** Opening RECORDS SUPPLIED block **
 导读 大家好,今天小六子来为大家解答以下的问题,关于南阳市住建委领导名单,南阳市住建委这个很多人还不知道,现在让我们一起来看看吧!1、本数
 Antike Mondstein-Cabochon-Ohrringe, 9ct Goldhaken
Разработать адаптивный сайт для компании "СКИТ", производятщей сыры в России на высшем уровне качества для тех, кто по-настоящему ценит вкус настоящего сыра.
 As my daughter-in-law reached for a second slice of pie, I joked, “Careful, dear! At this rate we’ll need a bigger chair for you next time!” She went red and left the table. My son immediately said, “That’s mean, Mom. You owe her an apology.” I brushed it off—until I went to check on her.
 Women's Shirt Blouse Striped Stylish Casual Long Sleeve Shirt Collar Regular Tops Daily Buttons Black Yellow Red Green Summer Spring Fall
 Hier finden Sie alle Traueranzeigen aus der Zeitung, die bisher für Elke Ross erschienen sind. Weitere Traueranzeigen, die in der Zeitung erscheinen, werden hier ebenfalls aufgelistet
** Closing RECORDS SUPPLIED block **
** Opening RECORDS SUPPLIED block **
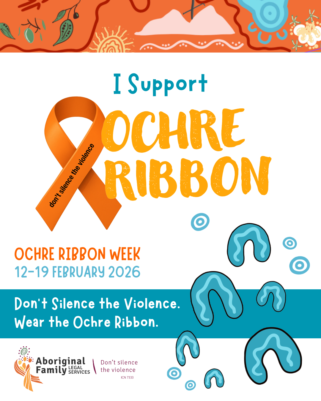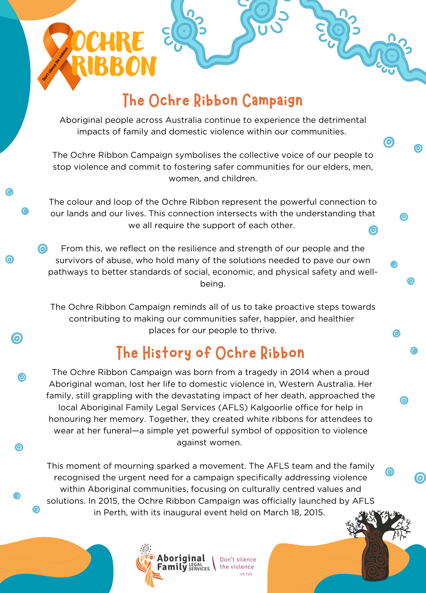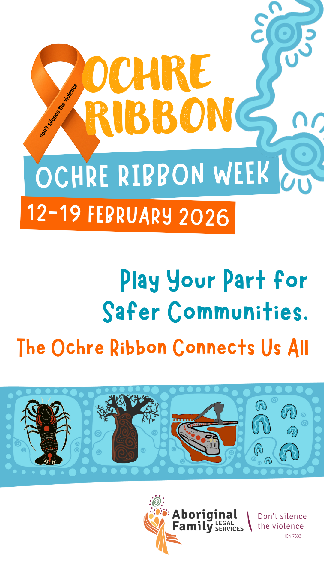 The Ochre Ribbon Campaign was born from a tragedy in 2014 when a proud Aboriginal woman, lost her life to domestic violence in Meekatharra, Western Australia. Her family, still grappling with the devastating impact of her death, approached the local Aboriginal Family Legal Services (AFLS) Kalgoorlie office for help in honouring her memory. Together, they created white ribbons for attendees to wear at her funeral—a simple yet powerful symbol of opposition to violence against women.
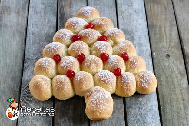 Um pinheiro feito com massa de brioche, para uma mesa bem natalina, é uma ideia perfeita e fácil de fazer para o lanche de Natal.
** Closing RECORDS SUPPLIED block **
** Opening RECORDS SUPPLIED block **
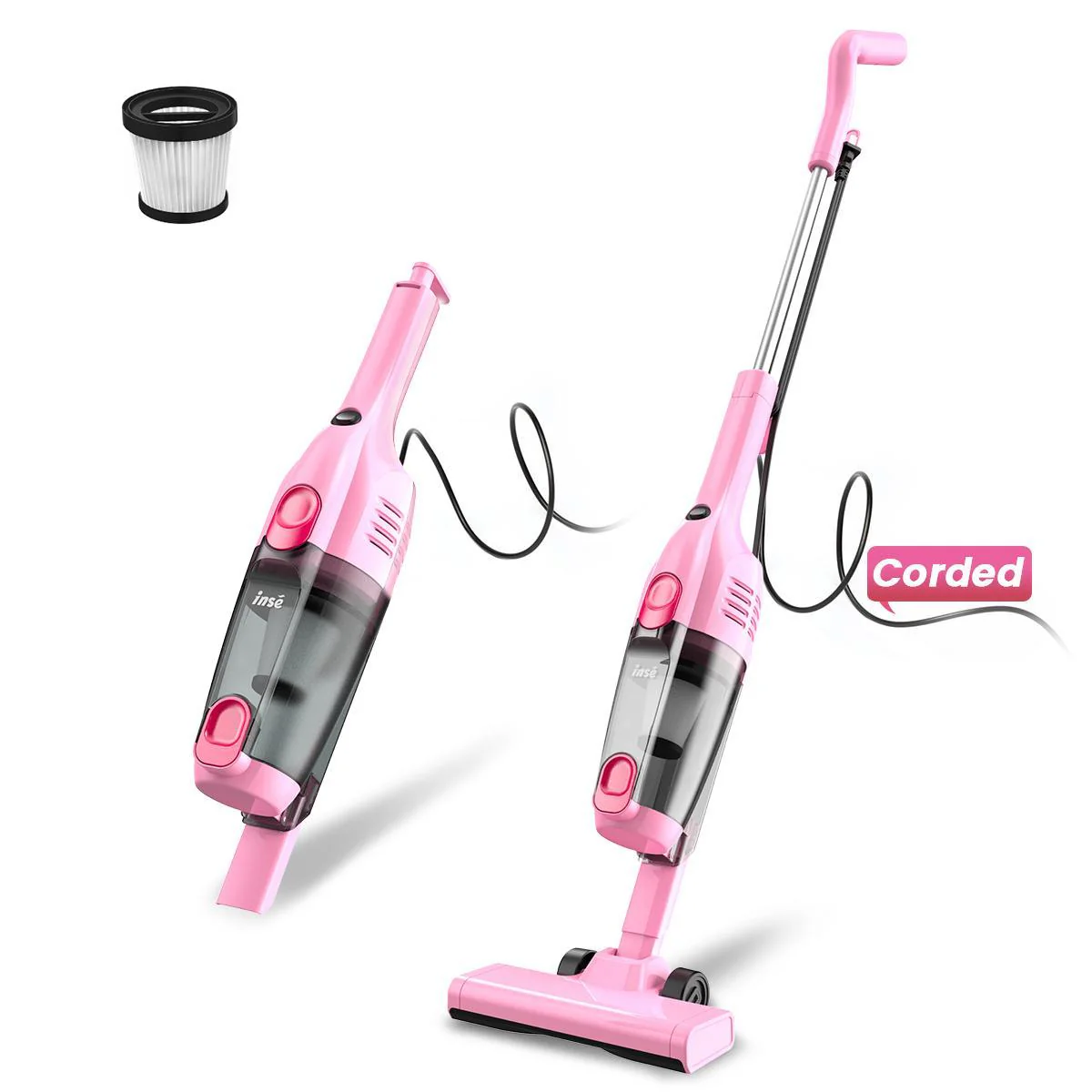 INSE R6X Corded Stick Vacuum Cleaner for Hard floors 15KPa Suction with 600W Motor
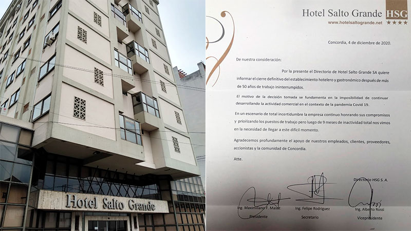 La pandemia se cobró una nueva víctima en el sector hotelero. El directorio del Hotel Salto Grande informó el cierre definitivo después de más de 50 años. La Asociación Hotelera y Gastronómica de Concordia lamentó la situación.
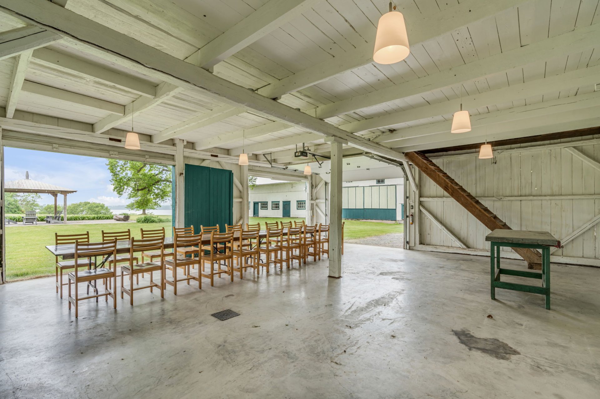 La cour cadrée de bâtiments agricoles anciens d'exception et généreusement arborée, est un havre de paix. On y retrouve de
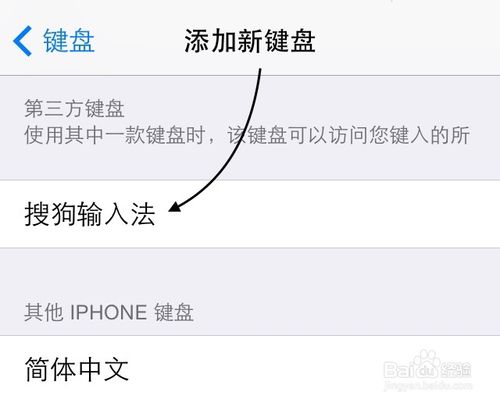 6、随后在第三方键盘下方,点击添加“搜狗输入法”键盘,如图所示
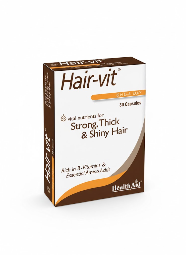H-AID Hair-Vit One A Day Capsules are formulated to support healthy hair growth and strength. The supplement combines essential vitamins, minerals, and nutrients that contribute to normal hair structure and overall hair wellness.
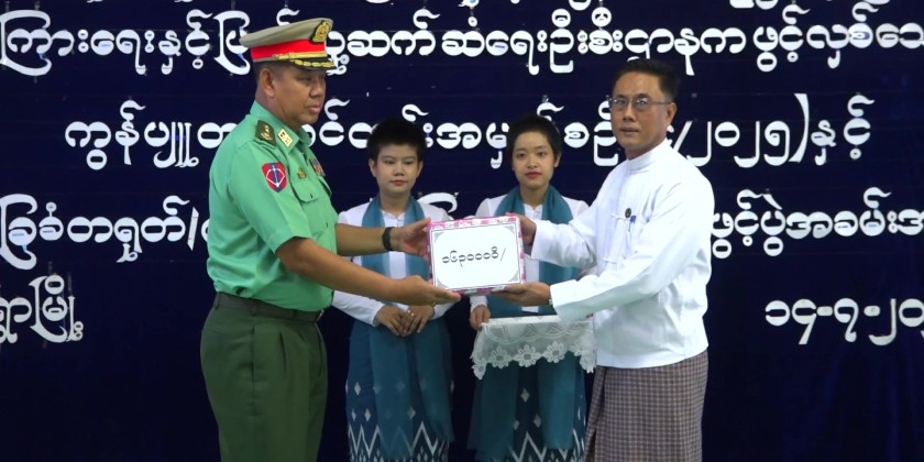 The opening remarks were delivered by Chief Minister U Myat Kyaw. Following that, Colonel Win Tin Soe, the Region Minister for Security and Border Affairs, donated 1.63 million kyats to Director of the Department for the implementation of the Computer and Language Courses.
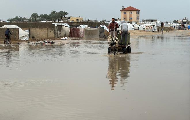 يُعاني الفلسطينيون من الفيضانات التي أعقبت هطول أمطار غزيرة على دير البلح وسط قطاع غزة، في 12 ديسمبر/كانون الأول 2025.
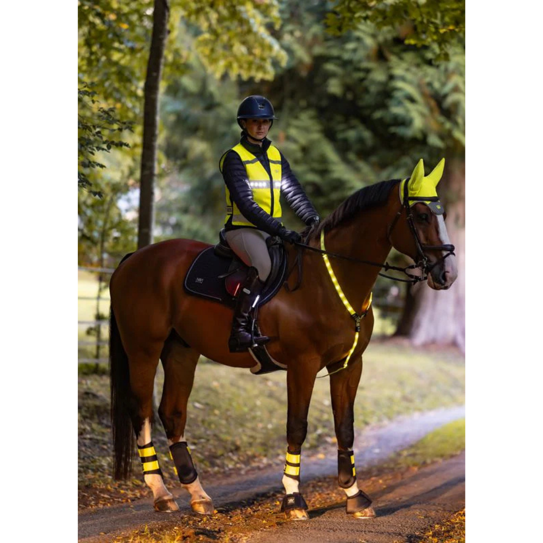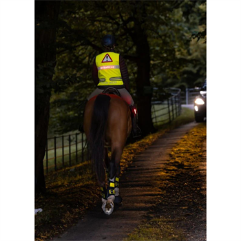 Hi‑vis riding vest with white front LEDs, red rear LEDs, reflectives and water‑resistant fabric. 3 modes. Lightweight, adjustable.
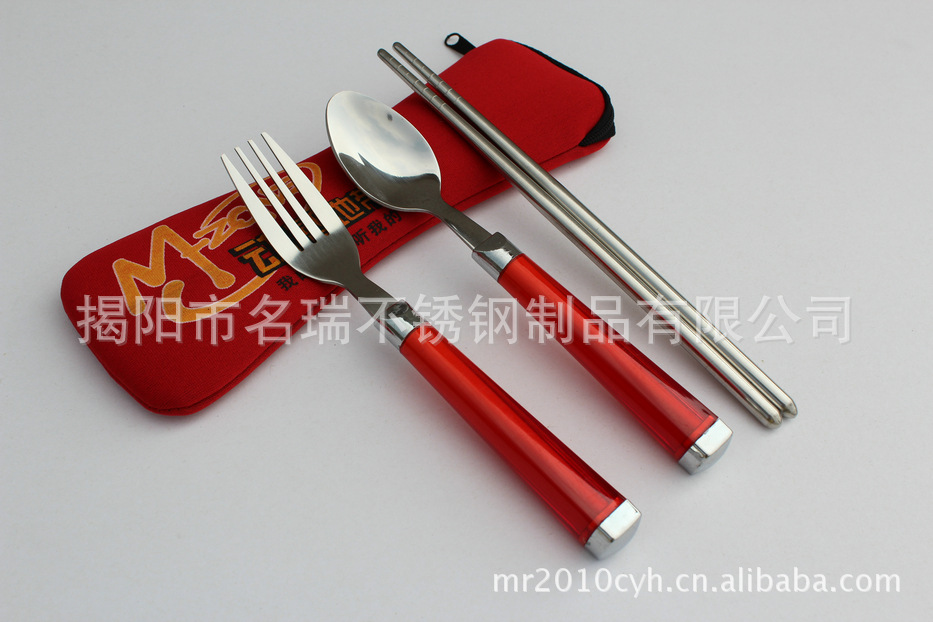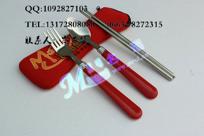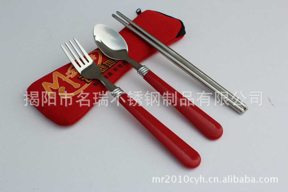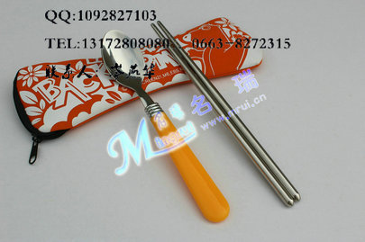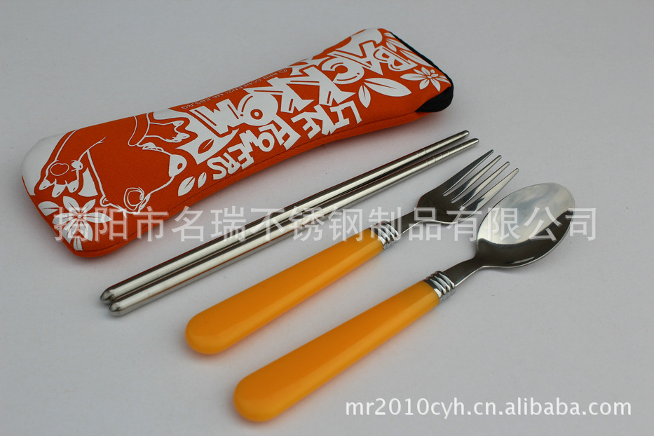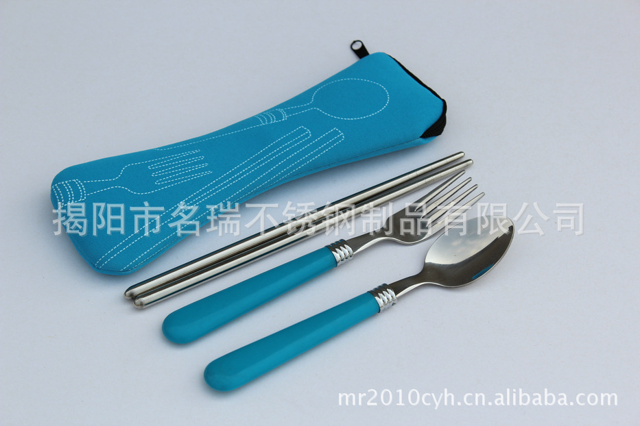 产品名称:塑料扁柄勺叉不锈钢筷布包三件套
** Closing RECORDS SUPPLIED block **
In the entries above, the lines from the one bearing "导读 大家好,今天小六子来为" up to and including the one bearing "As my daughter-in-law" should be transcribed exactly; no other line is wanted.

*SOLUTION FOR THIS EXERCISE*:
 导读 大家好,今天小六子来为大家解答以下的问题,关于南阳市住建委领导名单,南阳市住建委这个很多人还不知道,现在让我们一起来看看吧!1、本数
 Antike Mondstein-Cabochon-Ohrringe, 9ct Goldhaken
Разработать адаптивный сайт для компании "СКИТ", производятщей сыры в России на высшем уровне качества для тех, кто по-настоящему ценит вкус настоящего сыра.
 As my daughter-in-law reached for a second slice of pie, I joked, “Careful, dear! At this rate we’ll need a bigger chair for you next time!” She went red and left the table. My son immediately said, “That’s mean, Mom. You owe her an apology.” I brushed it off—until I went to check on her.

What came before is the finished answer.